Party congress
June 22, 2009"If the Left is weakened in the election, there will be no stopping the neo-liberal bloc," party chief Oskar Lafontaine told some 500 delegates at his party's congress in Berlin on Sunday.
September's Bundestag parliamentary vote will be crucial for the Left party and Lafontaine's goal of thwarting Chancellor Angela Merkel's stated aim of forming a center-right government with the liberal Free Democrats, who are currently in opposition.
Lafontaine - a former Social Democrat and finance minister under former chancellor Gerhard Schroeder in the late nineties - said the Left party would stick with its target of reaching more than 10 percent of the vote.
It had set the same ambitious target for the European parliamentary polls earlier in the month, but the party was handed a bitter disappointment, winning merely 7.5 percent.
The weak showing in the European poll triggered finger-pointing within the party and led to some criticism of Lafontaine's dominant role in party politics.
Influencing the next government
Lafontaine said that even if other parties refused to form a coalition with the Left, his alliance of ex-communists from former East Germany and western leftists could still play an important role in influencing both the shape and policies of the next government.
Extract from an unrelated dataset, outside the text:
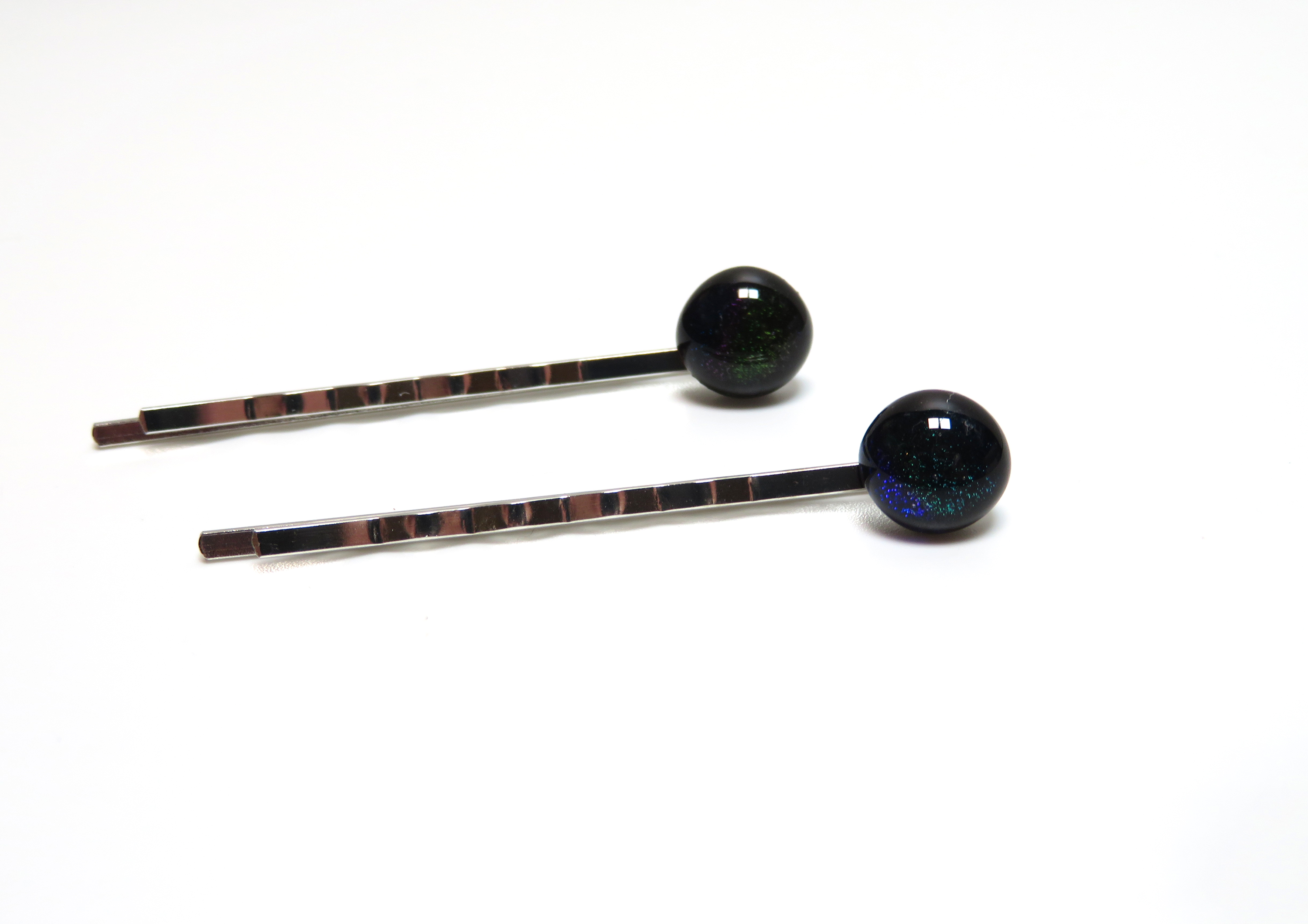 These dark purple handmade dichroic glass bobby pins are a unique and stylish way to add a touch of color and elegance to your hair. The bobby pins are made with dichroic glass, which is known for its shimmering, multi-colored appearance. They can be used to hold hair in place or as a decorative hair accessory.

"Only a strong Left can prevent a worsening of conditions for workers, pensioners and social welfare recipients," he said.
With higher taxes, Lafontaine's party wants to finance a 200-billion-euro ($280 billion) stimulus fund to help those who have been hit the hardest by the economic crisis.
On the foreign policy front, the party has called for an immediate withdrawal of German troops from Afghanistan and for a replacement of NATO with a new European security system that would include Russia.
Destruction of democracy
Yet the main attacks at the weekend party congress were focused on the social and economic situation within Germany.
"Financial capitalism is destroying democracy," Lafontaine said. "We've got a vision. We want a 'free people' economy. We want a redistribution of the burdens."
Lafontaine said those who had profited from financial capitalism in recent boom years should pay for the effects of the economic crisis, which has pushed Germany, Europe's largest economy, into recession.
The Left is currently polling between eight and 11 percent in opinion surveys.